Unnamed: 0,SourceIP,DestinationIP,SourcePort,DestinationPort,TimeStamp,Duration,FlowBytesSent,FlowSentRate,FlowBytesReceived,FlowReceivedRate,...,PacketTimeCoefficientofVariation,ResponseTimeTimeVariance,ResponseTimeTimeStandardDeviation,ResponseTimeTimeMean,ResponseTimeTimeMedian,ResponseTimeTimeMode,ResponseTimeTimeSkewFromMedian,ResponseTimeTimeSkewFromMode,ResponseTimeTimeCoefficientofVariation,Label
0,192.168.20.191,176.103.130.131,50749,443,2020-01-14 15:49:11,95.08155,62311,655.342703,65358,687.388878,...,0.574626,0.001053,0.032457,0.027624,0.026854,0.026822,0.071187,0.024715,1.174948,DoH
1,192.168.20.191,176.103.130.131,50749,443,2020-01-14 15:50:52,122.309318,93828,767.136973,101232,827.672018,...,0.509047,0.00117,0.0342,0.024387,0.021043,0.026981,0.293297,-0.075845,1.402382,DoH
2,192.168.20.191,176.103.130.131,50749,443,2020-01-14 15:52:55,120.958413,38784,320.639127,38236,316.108645,...,0.732636,0.000785,0.028021,0.029238,0.026921,0.026855,0.248064,0.085061,0.958348,DoH
3,192.168.20.191,176.103.130.131,50749,443,2020-01-14 15:54:56,110.50108,61993,561.017141,69757,631.278898,...,0.646859,0.000411,0.020274,0.019925,0.019268,0.026918,0.097199,-0.344926,1.017535,DoH
4,176.103.130.131,192.168.20.191,443,50749,2020-01-14 15:56:46,54.229891,83641,1542.341289,76804,1416.266907,...,0.507334,0.079079,0.281209,0.02593,4.7e-05,2.1e-05,0.276133,0.092135,10.844829,DoH


Now, we need to sort out all of the nan values from the dataset.

In [25]:
print('There are {} columns and {} rows in the provided data.'.format(len(df.columns), len(df)))

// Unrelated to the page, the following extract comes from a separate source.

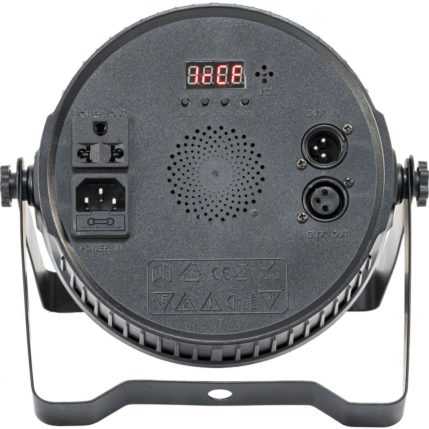 Proyector PAR 14LED RGBW 6W extra-plano, de grandes prestaciones en colores y diversidad. potente, equipado con un doble soporte robusto que le permite ponerlo en el suelo, en la pared o bien en una estructura. De bonitos acabados, gran rendimiento. 4 o 8 canales DMX Funcionamiento automático, maestro-esclavo, DMX, controlado por el sonido o bien por mando a distancia incluido

There are 35 columns and 1167136 rows in the provided data.


In [26]:
df.dropna(axis='index', inplace=True)

In [27]:
print('There are {} columns and {} rows in the provided data.'.format(len(df.columns), len(df)))

There are 35 columns and 1159108 rows in the provided data.


Now, we can return the dataframe object. If the user wants `l2`, we simply change our data processing to manage `l2` files.